◆ WHAT TO DO
Range to copy from the entries below: the line containing "國際上知名公司生產(chǎn)的SiC防彈陶瓷材料的性能" through the line containing "Electric Blue Hermit", inclusive. Retype only those lines, exactly, without any images.

◆ DATA FOR ANALYSIS
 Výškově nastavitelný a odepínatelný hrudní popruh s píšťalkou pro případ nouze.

* * *

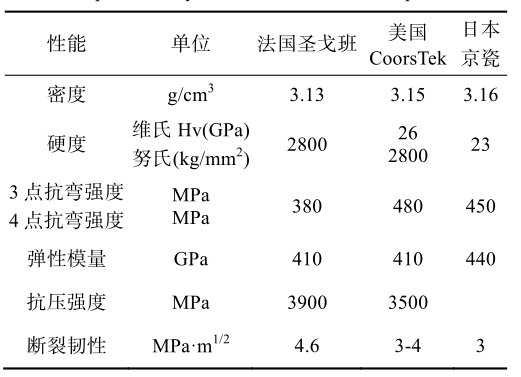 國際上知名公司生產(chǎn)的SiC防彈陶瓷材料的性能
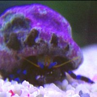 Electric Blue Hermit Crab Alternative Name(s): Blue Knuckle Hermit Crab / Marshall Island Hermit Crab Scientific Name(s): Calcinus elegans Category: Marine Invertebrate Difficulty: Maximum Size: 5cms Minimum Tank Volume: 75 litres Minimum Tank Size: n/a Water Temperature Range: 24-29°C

◆ YOUR SOLUTION
 國際上知名公司生產(chǎn)的SiC防彈陶瓷材料的性能
 Electric Blue Hermit Crab Alternative Name(s): Blue Knuckle Hermit Crab / Marshall Island Hermit Crab Scientific Name(s): Calcinus elegans Category: Marine Invertebrate Difficulty: Maximum Size: 5cms Minimum Tank Volume: 75 litres Minimum Tank Size: n/a Water Temperature Range: 24-29°C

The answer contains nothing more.